PROMPT:
Every line from the first one in the data below through the line holding "Ook de weer-app" is to be written out exactly, with the pictures omitted.

*** EXTRACTED MATERIAL ***

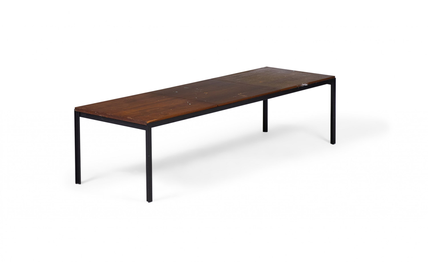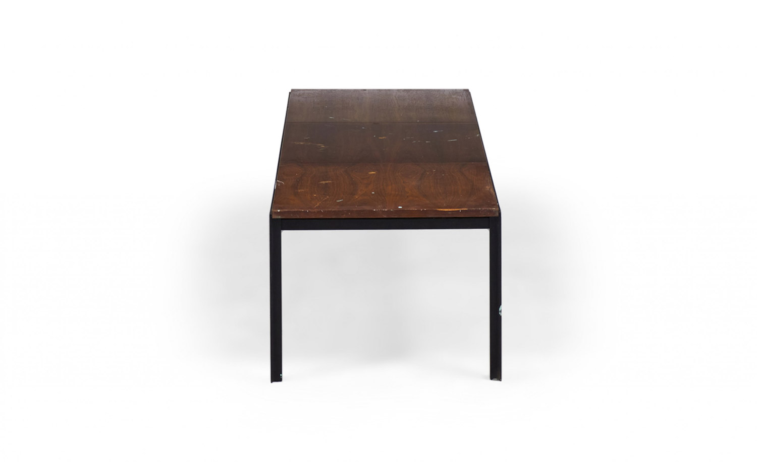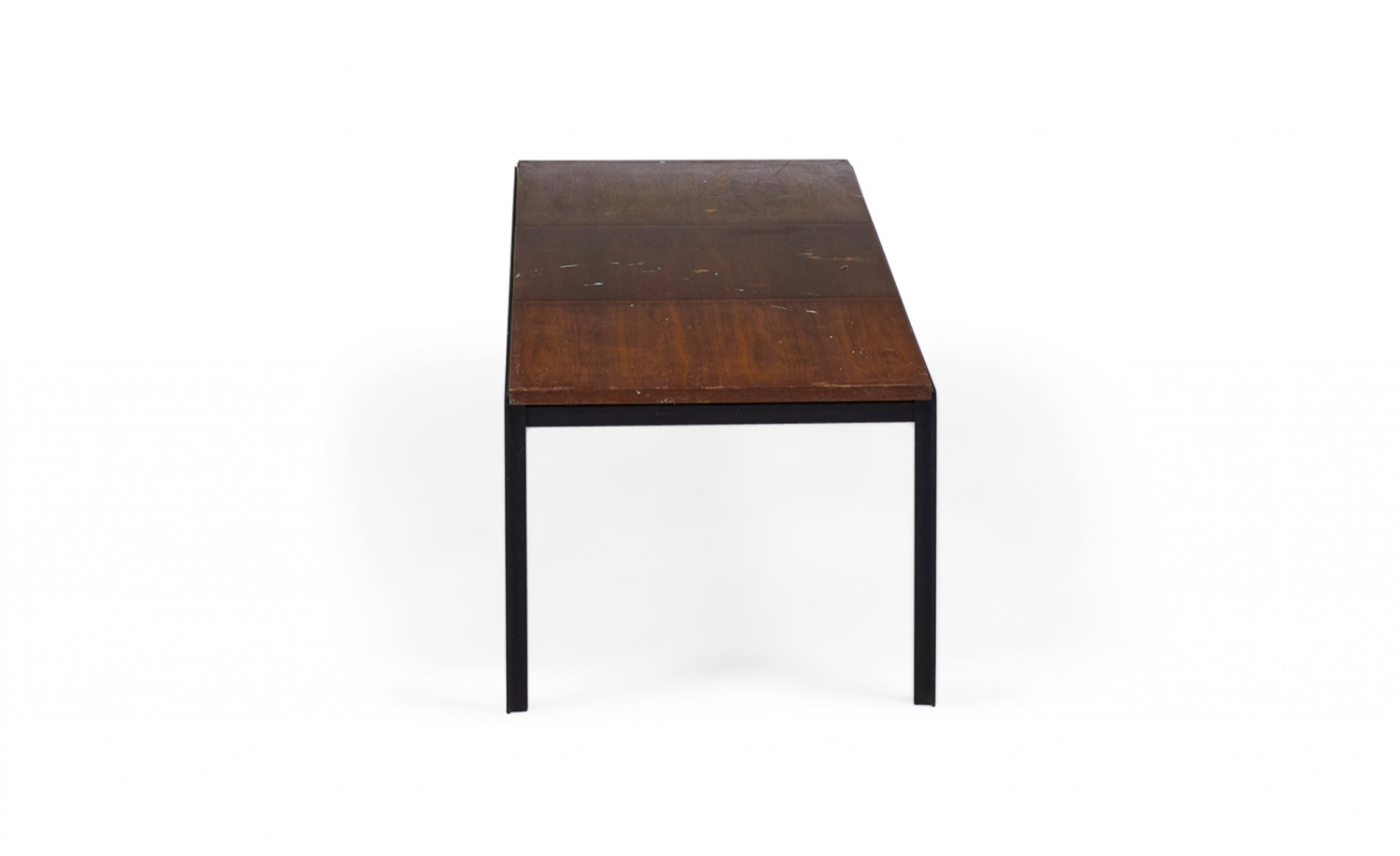 American Mid-Century rectangular coffee / cocktail table with a walnut top supported on a T-shaped black metal base. (FLORENCE KNOLL)(Similar table: DUF0083)
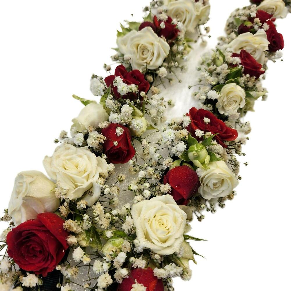 Сделайте выпускной незабываемым с этой роскошной гирляндой из свежих красных и белых роз. Искусно изготовленная вручную, свежесорванная гирлянда из роз обеспечит максимальную красоту и долговечность.
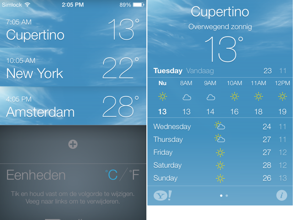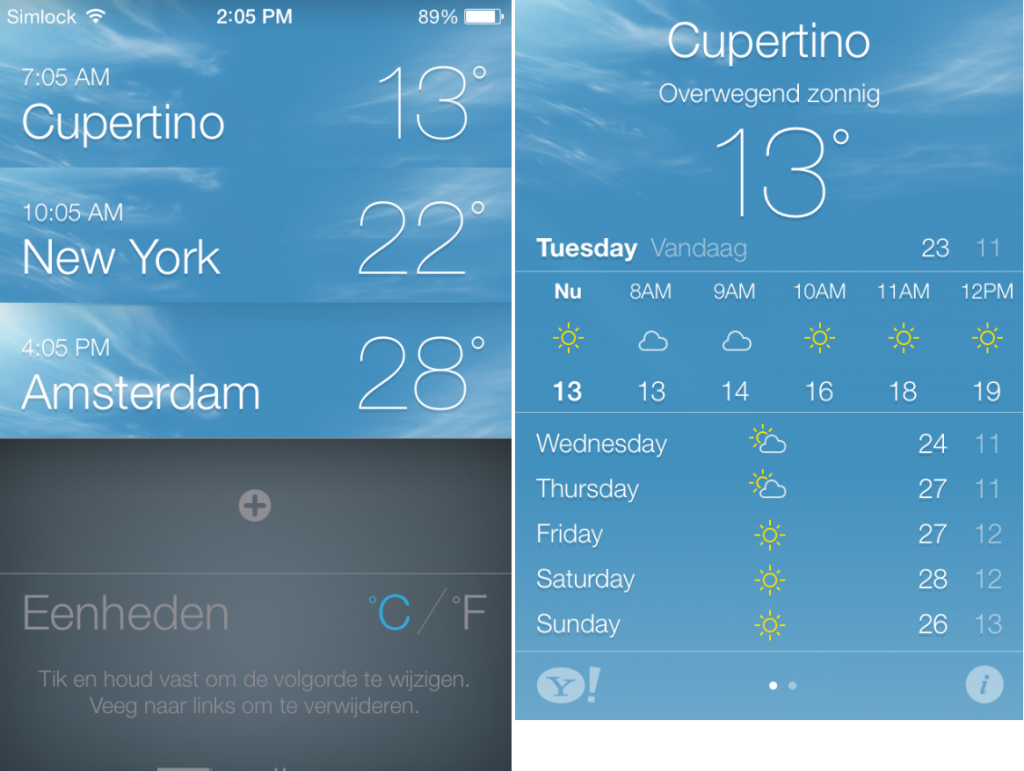 Ook de weer-app van iOS is flink op de schop genomen. Het toont een voorspelling per uur of per dag en, als je op de temperatuur tikt, de luchtvochtigheid, kans op regen en windsnelheid. Door links en rechts te vegen schakel je tussen opgeslagen locaties. Door met twee vingers op het scherm een knijpbeweging te maken zoom je uit naar je locatieoverzicht, waar je alle plekken herindeelt, nieuwe toevoegt, of schakelt tussen Celsius en Fahrenheit. Alle verbeteringen komen in ons oude kikkerlandje natuurlijk goed van pas en met de toegevoegde informatie weet je altijd wat je mag verwachten als je de deur uitstapt.
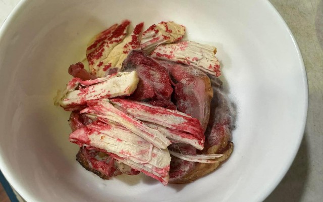 Nếu nghĩ đây chỉ là bát thịt bình thường được tẩm bột ớt hay gia vị thì bạn đã hoàn toàn nhầm. Thực chất, đây là bát thịt nấm mốc - hậu quả của việc bảo quản thực phẩm sai cách trong thời tiết nồm ẩm.
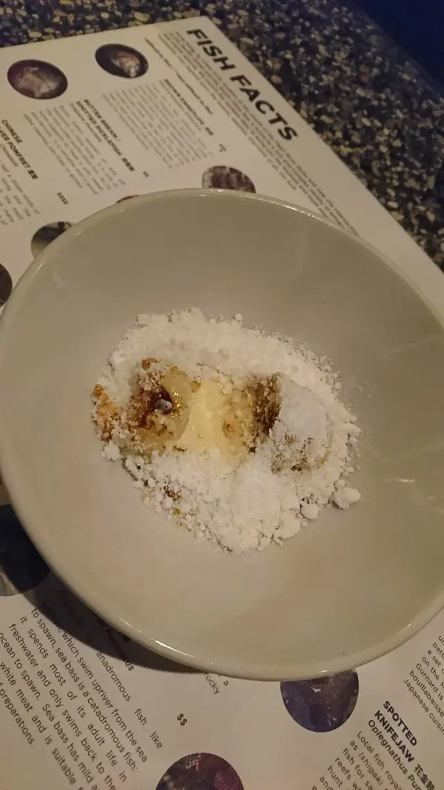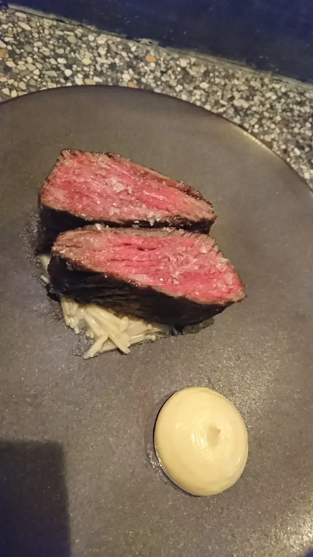 1.7 Wagyu Bavette steak / Salted Fish Aiolio 和牛腹肉厚切兩件, 下面放了些金菇菜, 旁邊只唧了一圓形銀魚做的蛋黃醬, 牛腹肉脂肪少但完全不嚡重好淋滑, 不過個銀魚醬就太咸了可能用多了銀魚的份量! 而當日在我們吧位枱旁邊另外座咗兩個年青人, 其中一個就頂唔順呢個咁濃同咁咸嘅Aiolio了, 叫廚師俾過另一個普通d嘅汁俾佢伴食,
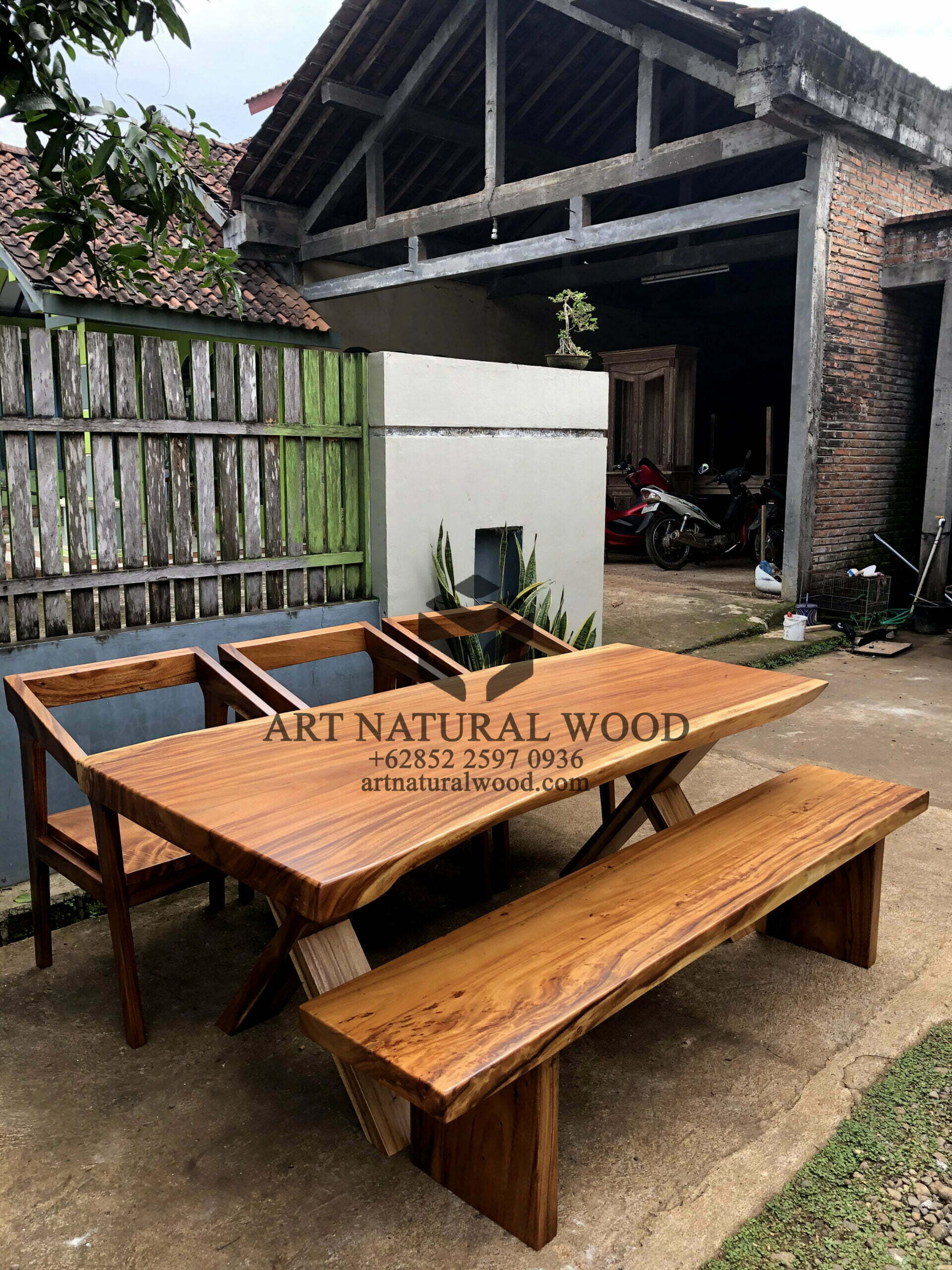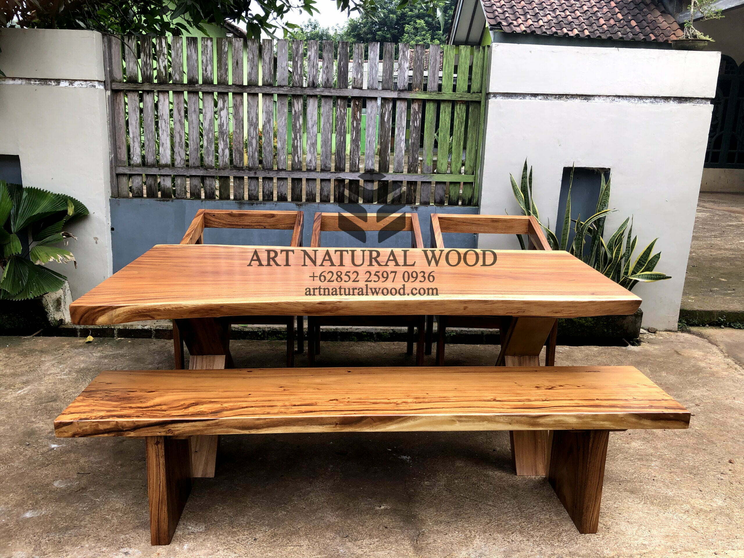 Set meja makan kayu ini menggunakan bahan baku Kayu Trembesi utuh (Suar Wood) dan ditambah dengan konstruksi/purus. Produk-produk dari Art Natural Wood dekerjakan oleh para profesional dibidang furniture dari Jepara. Dikerjakan dengan teliti dan cermat sehingga furniture ini menjadi produk yang kokoh, kuat dan memiliki fungsi guna.

*** End of EXTRACTED MATERIAL ***

ANSWER BOX:
 American Mid-Century rectangular coffee / cocktail table with a walnut top supported on a T-shaped black metal base. (FLORENCE KNOLL)(Similar table: DUF0083)
 Сделайте выпускной незабываемым с этой роскошной гирляндой из свежих красных и белых роз. Искусно изготовленная вручную, свежесорванная гирлянда из роз обеспечит максимальную красоту и долговечность.
 Ook de weer-app van iOS is flink op de schop genomen. Het toont een voorspelling per uur of per dag en, als je op de temperatuur tikt, de luchtvochtigheid, kans op regen en windsnelheid. Door links en rechts te vegen schakel je tussen opgeslagen locaties. Door met twee vingers op het scherm een knijpbeweging te maken zoom je uit naar je locatieoverzicht, waar je alle plekken herindeelt, nieuwe toevoegt, of schakelt tussen Celsius en Fahrenheit. Alle verbeteringen komen in ons oude kikkerlandje natuurlijk goed van pas en met de toegevoegde informatie weet je altijd wat je mag verwachten als je de deur uitstapt.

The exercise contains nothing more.